* [Dataset entries]

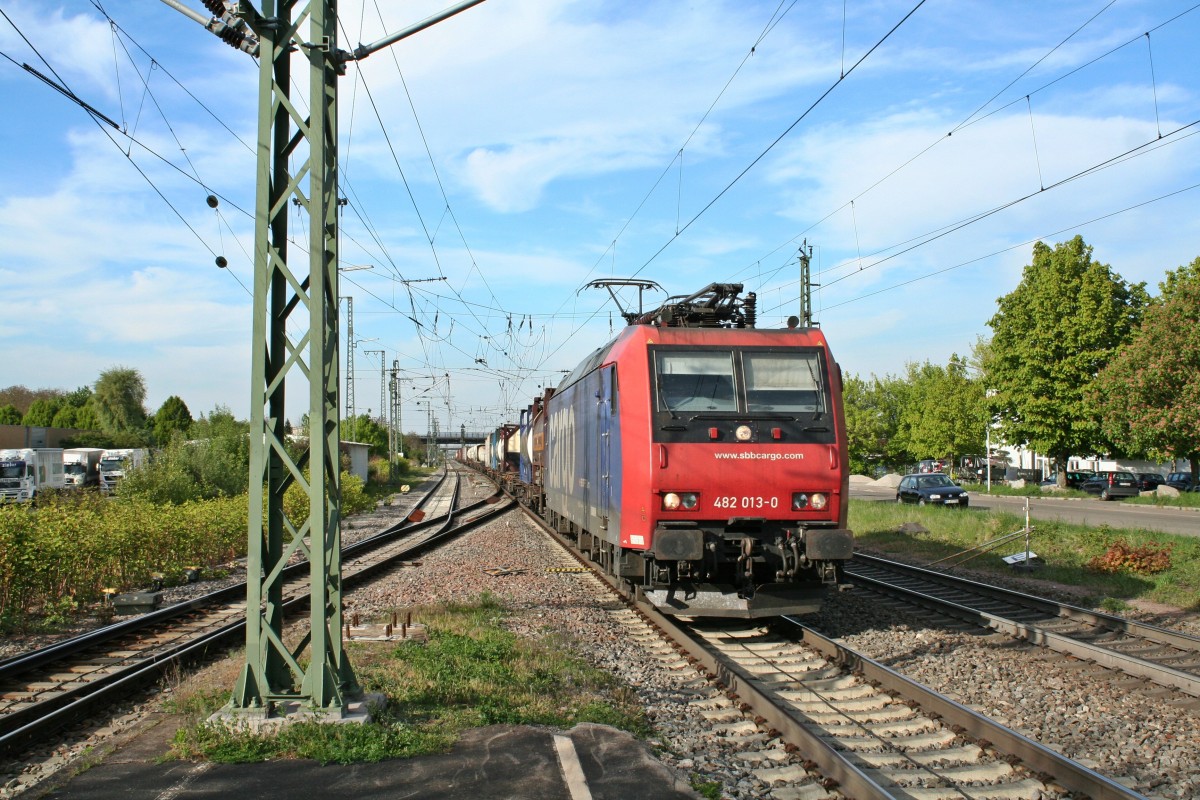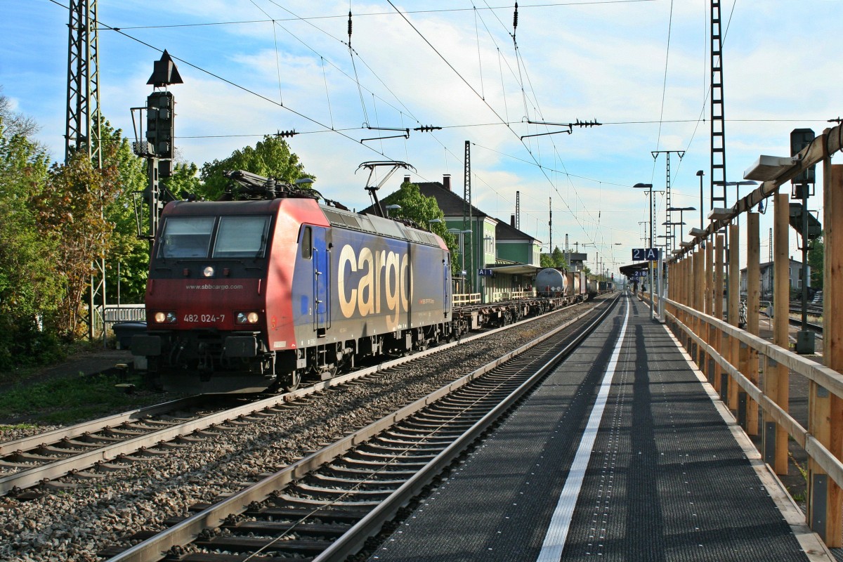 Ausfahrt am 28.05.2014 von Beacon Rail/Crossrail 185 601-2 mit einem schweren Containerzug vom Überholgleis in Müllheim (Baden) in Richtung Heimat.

---

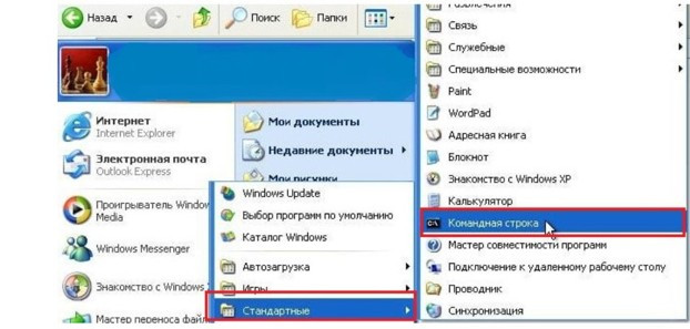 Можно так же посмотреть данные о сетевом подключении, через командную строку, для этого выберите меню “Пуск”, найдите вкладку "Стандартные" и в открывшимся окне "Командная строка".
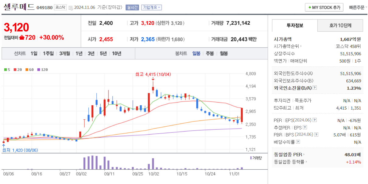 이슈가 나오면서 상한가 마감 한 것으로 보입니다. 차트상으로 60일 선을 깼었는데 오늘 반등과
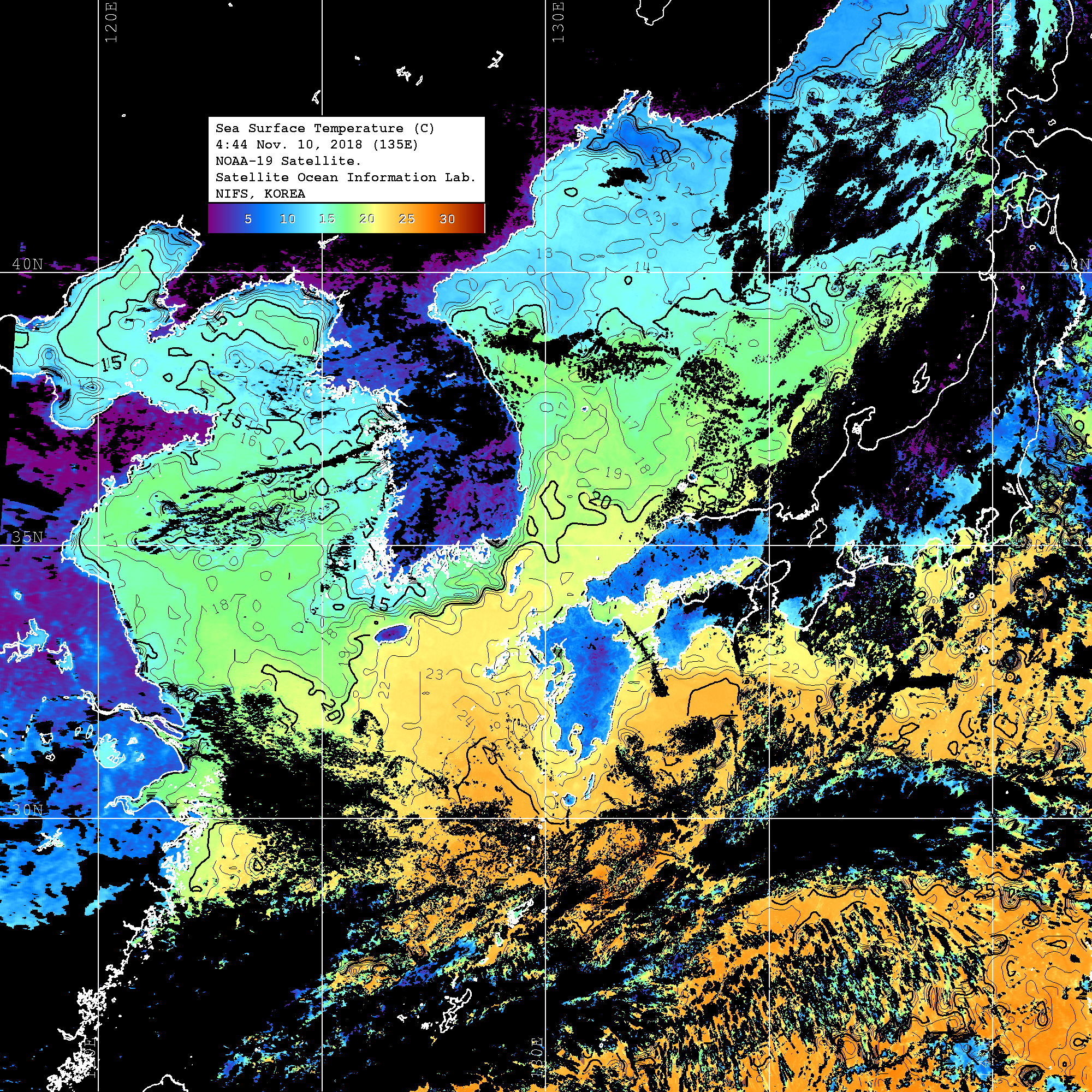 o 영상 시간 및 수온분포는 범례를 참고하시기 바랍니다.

* * *

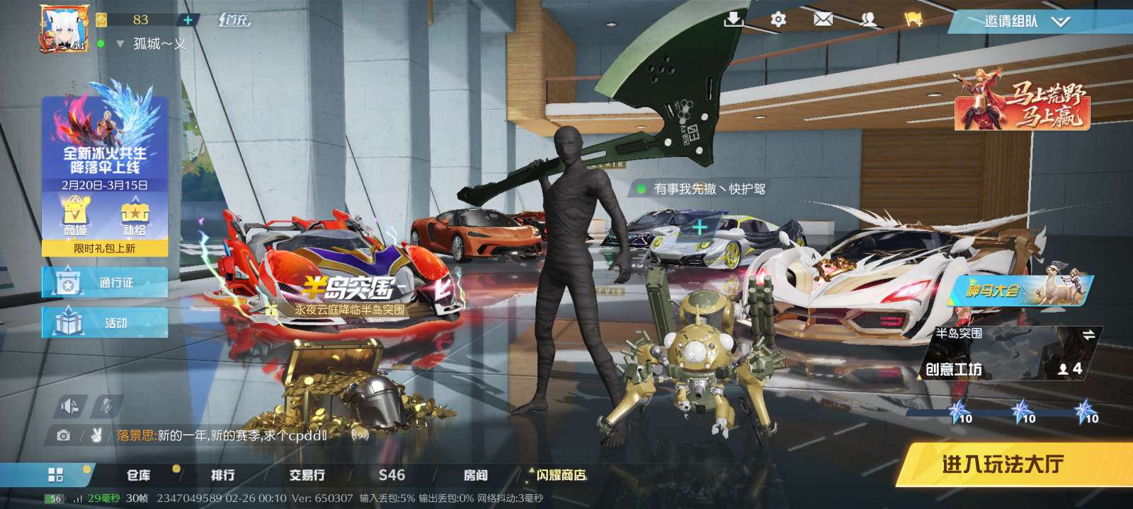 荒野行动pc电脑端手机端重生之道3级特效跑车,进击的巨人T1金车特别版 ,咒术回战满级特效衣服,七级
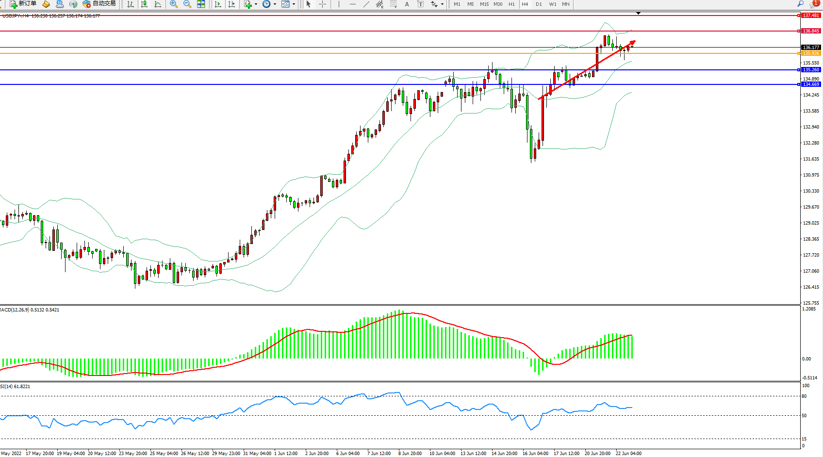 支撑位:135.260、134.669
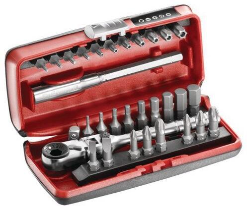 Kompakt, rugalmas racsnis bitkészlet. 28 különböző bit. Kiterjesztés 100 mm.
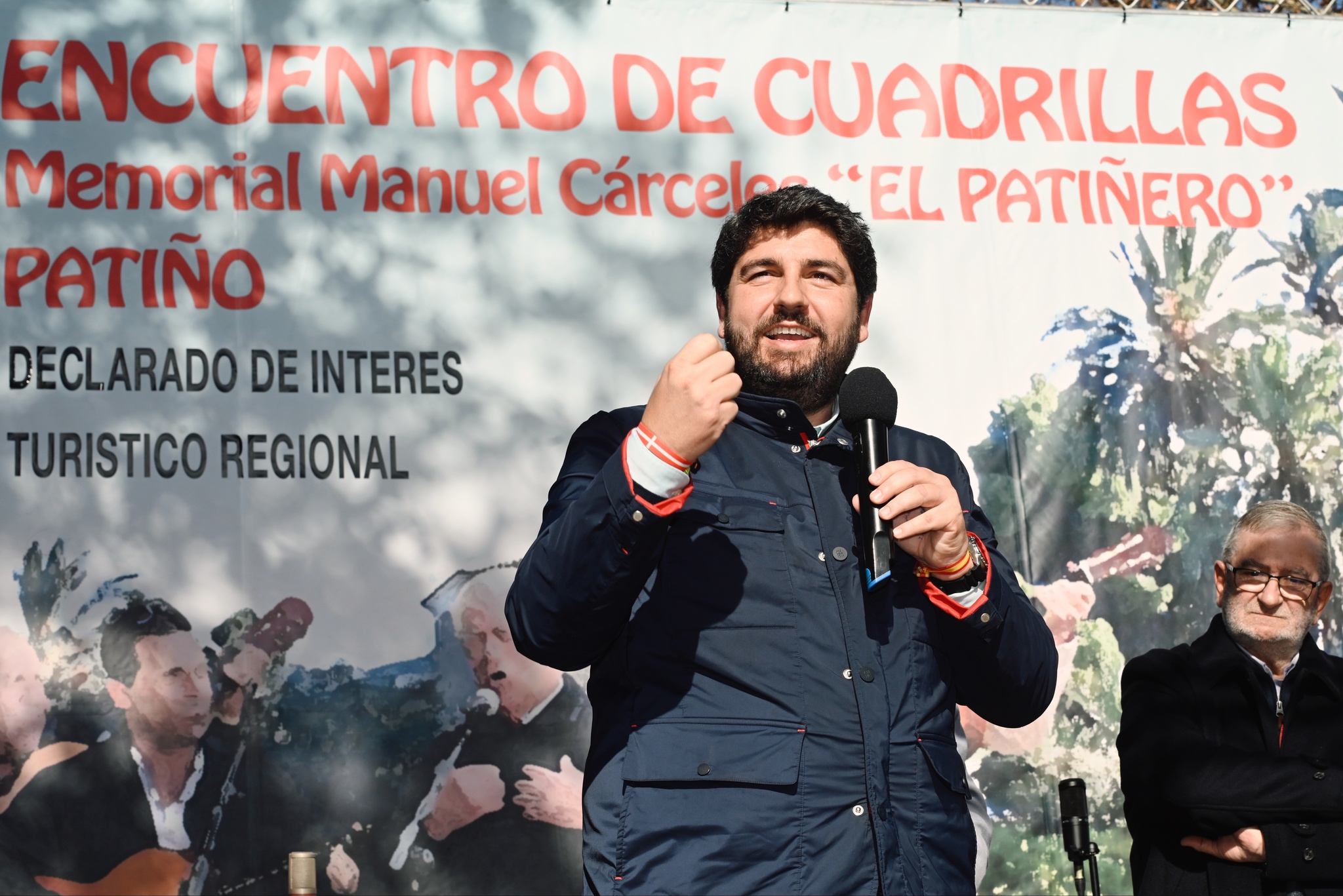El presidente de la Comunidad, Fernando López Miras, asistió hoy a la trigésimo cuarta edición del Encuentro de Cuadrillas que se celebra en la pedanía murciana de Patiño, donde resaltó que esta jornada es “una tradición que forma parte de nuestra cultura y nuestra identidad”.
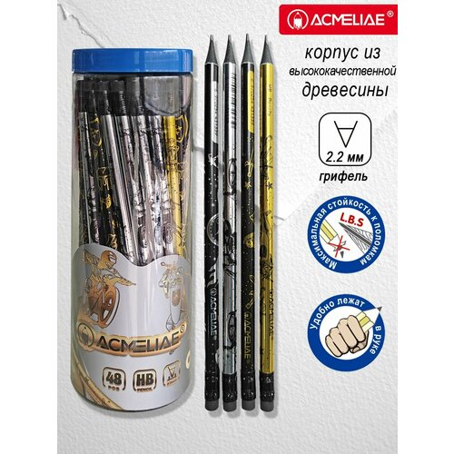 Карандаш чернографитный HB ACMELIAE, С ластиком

* [Your task] The answer should consist only of the lines above from the one with "Kompakt, rugalmas racsnis" through the one with "Карандаш чернографитный HB", repeated exactly, with no pictures among them.

* [Task output]
 Kompakt, rugalmas racsnis bitkészlet. 28 különböző bit. Kiterjesztés 100 mm.
El presidente de la Comunidad, Fernando López Miras, asistió hoy a la trigésimo cuarta edición del Encuentro de Cuadrillas que se celebra en la pedanía murciana de Patiño, donde resaltó que esta jornada es “una tradición que forma parte de nuestra cultura y nuestra identidad”.
 Карандаш чернографитный HB ACMELIAE, С ластиком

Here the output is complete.